- Material to process -
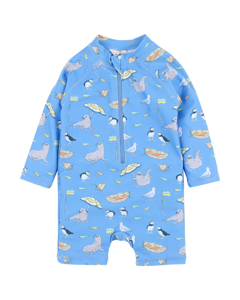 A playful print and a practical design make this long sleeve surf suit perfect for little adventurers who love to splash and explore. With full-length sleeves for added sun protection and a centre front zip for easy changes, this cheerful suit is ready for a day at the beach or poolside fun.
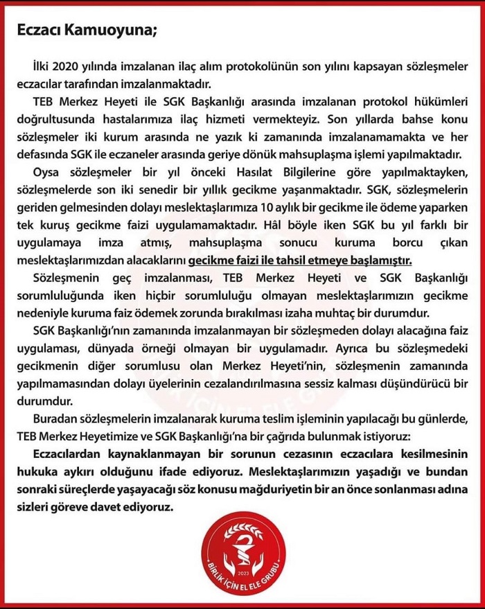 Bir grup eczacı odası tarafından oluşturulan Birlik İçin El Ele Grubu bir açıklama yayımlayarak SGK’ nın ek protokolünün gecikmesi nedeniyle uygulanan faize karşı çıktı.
--
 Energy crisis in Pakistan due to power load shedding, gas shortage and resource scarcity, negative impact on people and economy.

- Work task -
Of all the material above, only the lines from the one that has "A playful print" down to the one that has "Bir grup eczacı" are to be written out, exactly and with both ends included. Pictures are skipped.

- Solved problem -
 A playful print and a practical design make this long sleeve surf suit perfect for little adventurers who love to splash and explore. With full-length sleeves for added sun protection and a centre front zip for easy changes, this cheerful suit is ready for a day at the beach or poolside fun.
 Bir grup eczacı odası tarafından oluşturulan Birlik İçin El Ele Grubu bir açıklama yayımlayarak SGK’ nın ek protokolünün gecikmesi nedeniyle uygulanan faize karşı çıktı.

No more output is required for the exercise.